● SOURCE RECORDS
----
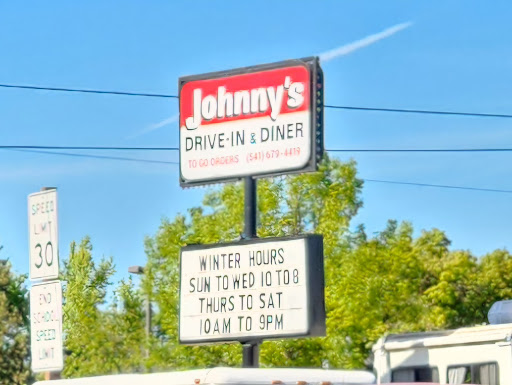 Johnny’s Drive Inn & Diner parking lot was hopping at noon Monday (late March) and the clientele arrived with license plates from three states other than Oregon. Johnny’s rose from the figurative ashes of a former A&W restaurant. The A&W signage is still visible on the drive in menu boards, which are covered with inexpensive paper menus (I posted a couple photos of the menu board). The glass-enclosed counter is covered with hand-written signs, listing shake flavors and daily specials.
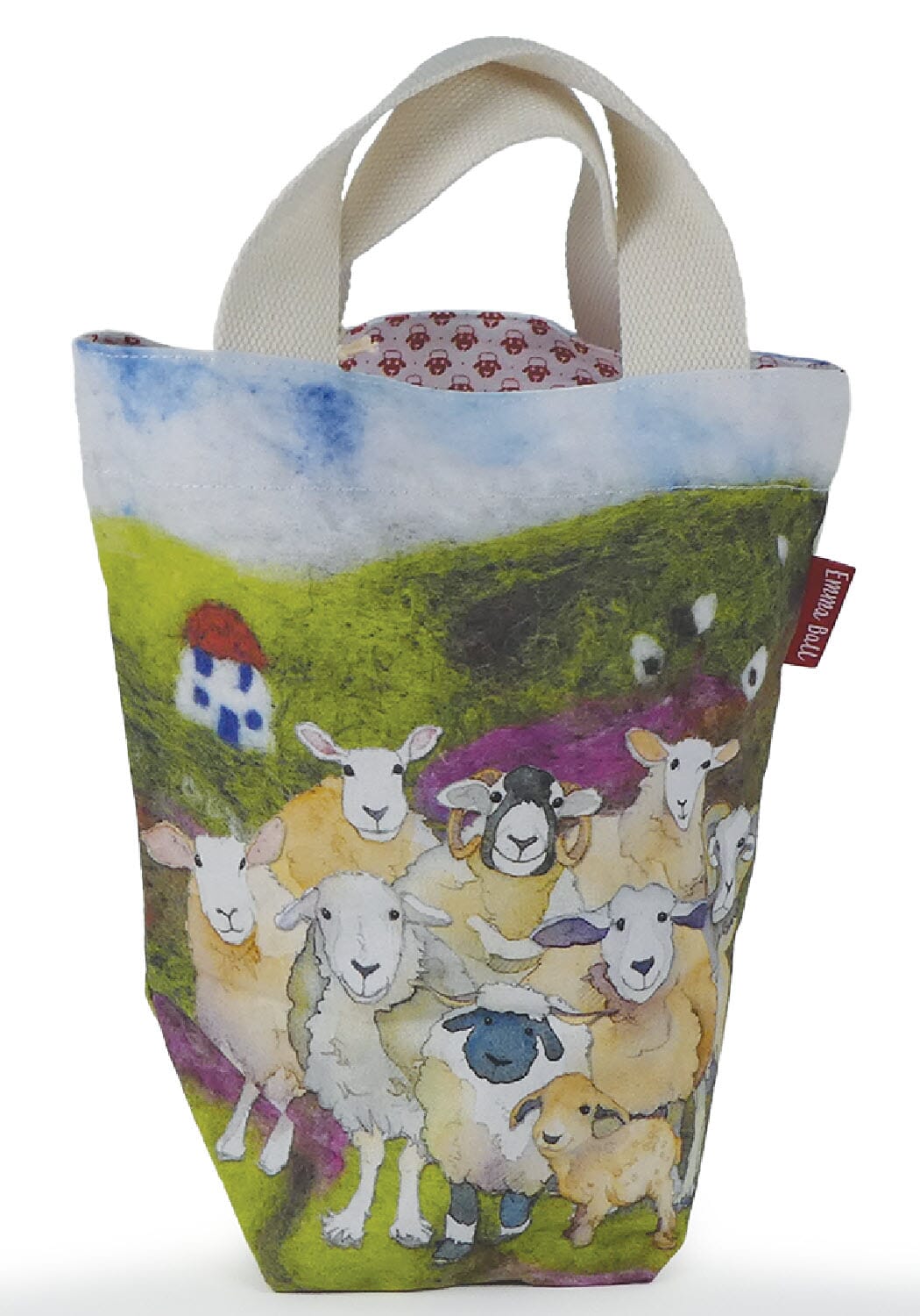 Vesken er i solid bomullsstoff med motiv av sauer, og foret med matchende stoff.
----
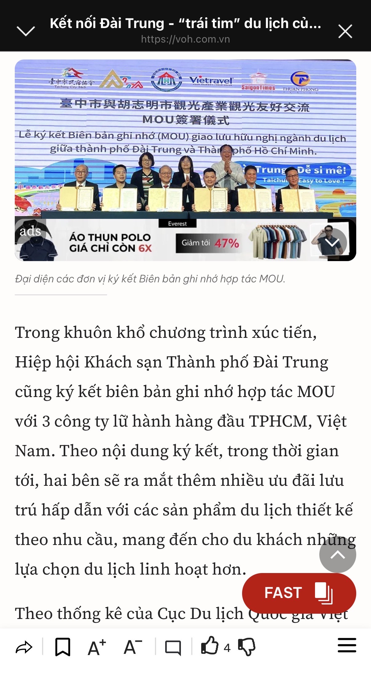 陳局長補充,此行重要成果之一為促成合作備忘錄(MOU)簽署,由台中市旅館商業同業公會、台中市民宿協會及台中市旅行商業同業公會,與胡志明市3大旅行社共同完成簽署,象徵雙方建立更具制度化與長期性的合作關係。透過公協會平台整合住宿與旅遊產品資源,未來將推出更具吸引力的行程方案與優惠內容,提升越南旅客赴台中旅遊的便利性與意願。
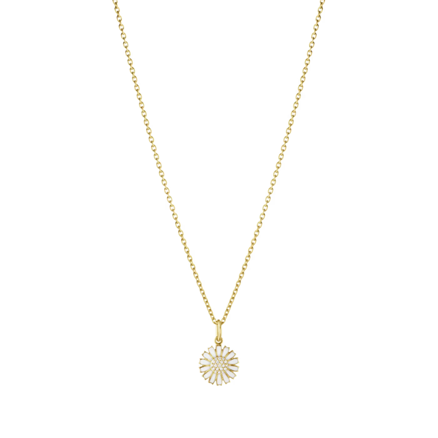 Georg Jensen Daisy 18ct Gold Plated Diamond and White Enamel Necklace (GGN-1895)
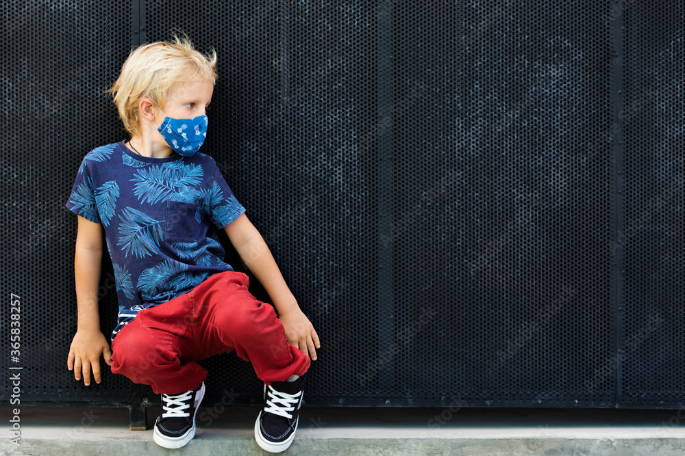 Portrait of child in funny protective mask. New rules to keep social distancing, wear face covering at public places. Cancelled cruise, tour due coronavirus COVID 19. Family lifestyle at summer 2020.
----
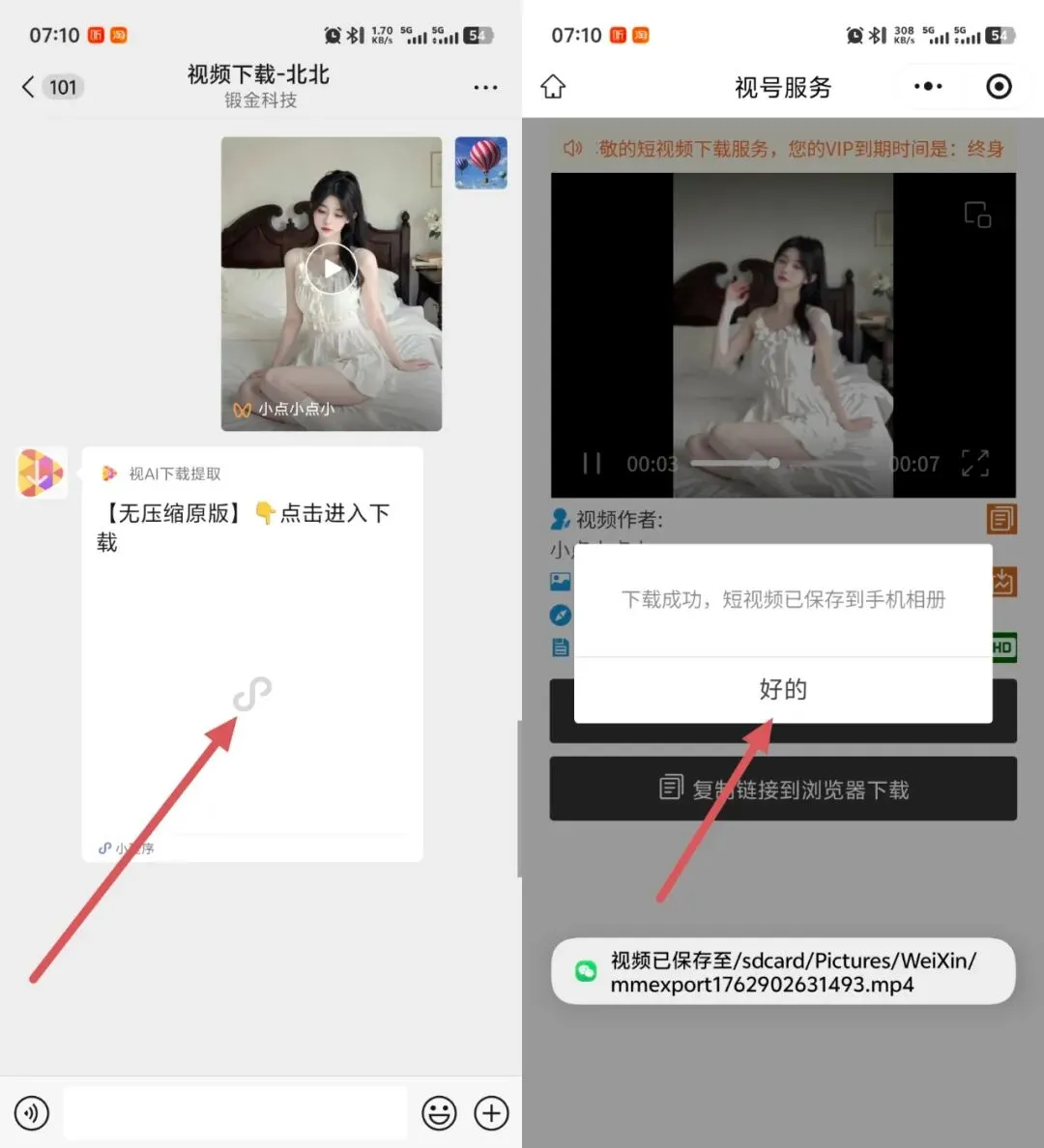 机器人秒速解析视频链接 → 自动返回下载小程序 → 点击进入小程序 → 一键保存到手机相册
----
Each line above from the one containing "Johnny’s Drive Inn" through the one containing "Vesken er i" is to be returned verbatim. Nothing else, and no pictures.

 Johnny’s Drive Inn & Diner parking lot was hopping at noon Monday (late March) and the clientele arrived with license plates from three states other than Oregon. Johnny’s rose from the figurative ashes of a former A&W restaurant. The A&W signage is still visible on the drive in menu boards, which are covered with inexpensive paper menus (I posted a couple photos of the menu board). The glass-enclosed counter is covered with hand-written signs, listing shake flavors and daily specials.
 Vesken er i solid bomullsstoff med motiv av sauer, og foret med matchende stoff.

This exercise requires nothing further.